General Election 2015George Osbourne delivered an encouraging message for UK businesses in his final Budget before the general election this May, but there is concern over the lack of focus on education and skills.

The Chancellor began his address in the House of Commons by championing the burgeoning health of the UK labour market, illustrated primarily by record levels of employment. Measures such as the continuation of the Annual Investment Allowance for SMEs, reductions in corporation tax and business rates and the doubling of UKTI funding to strengthen UK exports will be warmly received by businesses, as will further positive commitments taken to create new employment opportunities, abolish National Insurance for employing apprentices and commit significant investment to large-scale infrastructure projects.

However, the reaction amongst recruiters and youth employment groups has been mixed, with widespread concern over our education system’s ability to produce appropriately skilled workers to fill the jobs that Mr.
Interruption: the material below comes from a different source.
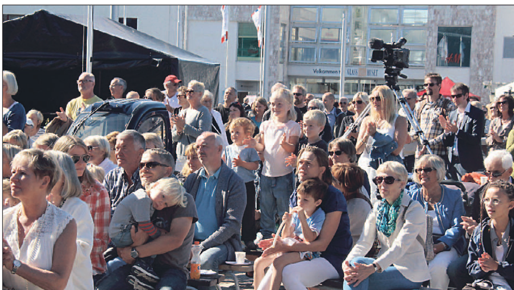
Bodøfolk må på et tidlig tidspunkt i prosessen være med å skape steder som kan utvikle en fortsatt tilhørighet og en kultivert atmosfære. Bildet er fra åpningen av Musikkfestuka i fjor.

Dette gjør at eventuelle motkrefter må operasjonalisere sine synspunkter; deres uenighet må via protester, motforslag og innsigelser eie en viss styrke. Men skal demokratiet ha mulighet til eventuelt å korrigere eller avvise et prosjekt, må motkreftene institusjonaliseres; de må hjemles i lovverket på en slik

Osbourne has committed to continue creating.

Michael Mercieca, CEO of Young Enterprise, the UK’s largest business and enterprise education charity, welcomed the rise in apprenticeships and their wages but feels that there should have been greater concern towards improving employment through education.

“We can see from this morning’s labour statistics that youth unemployment is still at triple the headline rate,” said Mercieca. “Delivering financial and enterprise education to primary school children and making it a statutory part of the curriculum will increase financial literacy and financial inclusion. It is imperative that we invest in our young people in order to improve young people’s life chances and strengthen their communities and the UK’s economy.”

Chris Jones, Chief Executive of City & Guilds, echoed this sentiment, stating that ‘creating jobs is one thing, filling them is another’ and raising concerns over whether there were enough people with the right skills to do so.

“The Government has already invested significantly into apprenticeships, and that’s great. But they are only part of the solution. We need to go further to bridge the gap between education and employment.”

Jones went on to bemoan the poor standard of careers advice given to young people, claiming that it needed to be ‘brought into the 21st century’ using market data on where skills gaps exist to determine the information young people receive on how to maximise their chances for employment. “Unless we do more to help young people develop the right workplace skills,” he claimed, “vacancies will remain unfilled and skills gaps will deepen.”

Tom Hadley, director of policy and professional services at the Recruitment and Employment Federation and chair of the Symposium Innovation in Recruitment Summit last year, admitted to serious misgivings within the recruitment profession about the lack of appropriately skilled young people to fill vacancies.

“Given the current skill shortages in the UK, we’re concerned that it may be difficult for the infrastructure initiatives and investments to succeed. Recruiters are already struggling to find suitably skilled candidates in key industries like IT, science, engineering and construction and it is in these sectors where we will need even more people now investment has been confirmed.”

With May’s election already looming large on the political horizon, Hadley insisted that there was a real need for reform. “The next government must co-ordinate industrial, regional and educational policies to meet these needs by bringing together the relevant parts of BIS, DWP and DfE, potentially under a new government structure.”

According to this advice, it appears that education policy should be a key factor in where businesses wish to see the majority come election time in May. Mr. Osbourne’s claim that the UK had the potential to become Europe’s largest economy within fifteen years surely depends on closing the skills gap.